>>>>

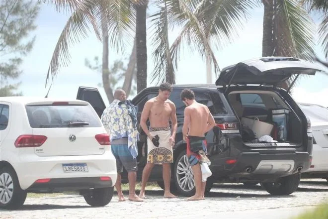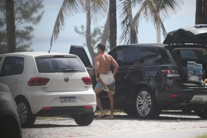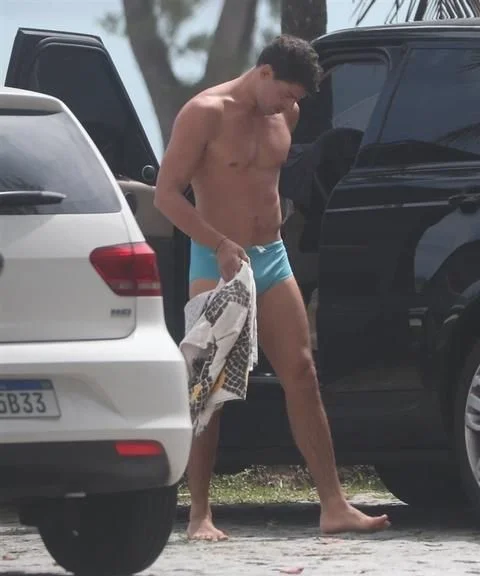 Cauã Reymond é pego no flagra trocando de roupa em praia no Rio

<<<<
>>>>

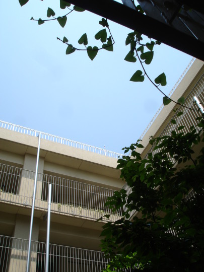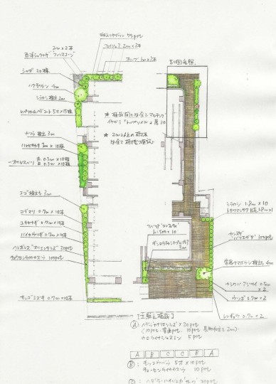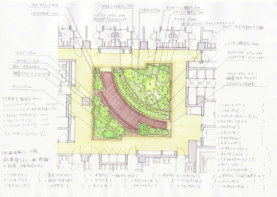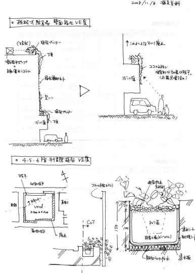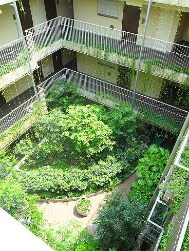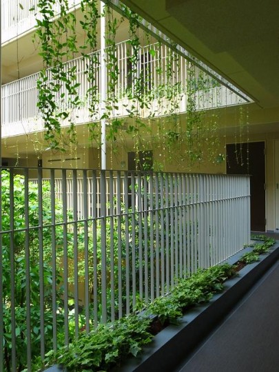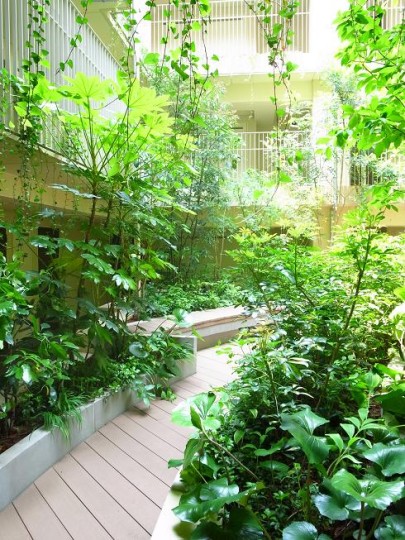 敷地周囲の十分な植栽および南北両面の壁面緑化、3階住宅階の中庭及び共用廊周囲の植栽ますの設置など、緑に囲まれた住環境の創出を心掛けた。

<<<<
>>>>

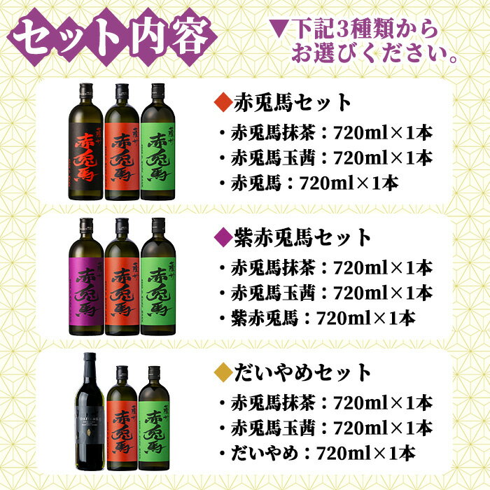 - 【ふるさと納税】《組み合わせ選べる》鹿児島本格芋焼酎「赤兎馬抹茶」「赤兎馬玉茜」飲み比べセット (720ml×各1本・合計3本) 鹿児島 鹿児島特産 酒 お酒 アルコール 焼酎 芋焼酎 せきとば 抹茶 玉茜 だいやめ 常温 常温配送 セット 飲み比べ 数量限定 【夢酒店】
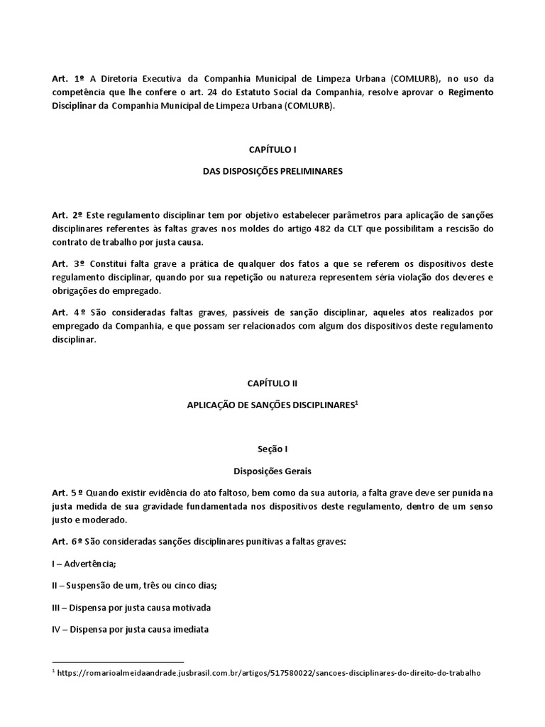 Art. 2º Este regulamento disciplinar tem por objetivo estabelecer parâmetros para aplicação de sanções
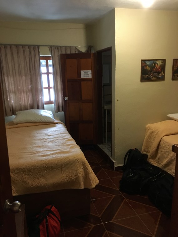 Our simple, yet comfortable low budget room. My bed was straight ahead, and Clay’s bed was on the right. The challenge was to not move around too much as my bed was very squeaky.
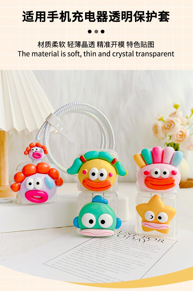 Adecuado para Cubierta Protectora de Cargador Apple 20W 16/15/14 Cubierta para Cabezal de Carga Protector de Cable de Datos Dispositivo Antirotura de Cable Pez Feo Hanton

<<<<

◆ Task instructions: Output only the stretch above from the line with "飲み比べ 数量限定 【夢酒店】" through the line with "Adecuado para Cubierta", reproduced exactly. Exclude pictures.

◆ Answer for this exercise:
 - 【ふるさと納税】《組み合わせ選べる》鹿児島本格芋焼酎「赤兎馬抹茶」「赤兎馬玉茜」飲み比べセット (720ml×各1本・合計3本) 鹿児島 鹿児島特産 酒 お酒 アルコール 焼酎 芋焼酎 せきとば 抹茶 玉茜 だいやめ 常温 常温配送 セット 飲み比べ 数量限定 【夢酒店】
 Art. 2º Este regulamento disciplinar tem por objetivo estabelecer parâmetros para aplicação de sanções
 Our simple, yet comfortable low budget room. My bed was straight ahead, and Clay’s bed was on the right. The challenge was to not move around too much as my bed was very squeaky.
 Adecuado para Cubierta Protectora de Cargador Apple 20W 16/15/14 Cubierta para Cabezal de Carga Protector de Cable de Datos Dispositivo Antirotura de Cable Pez Feo Hanton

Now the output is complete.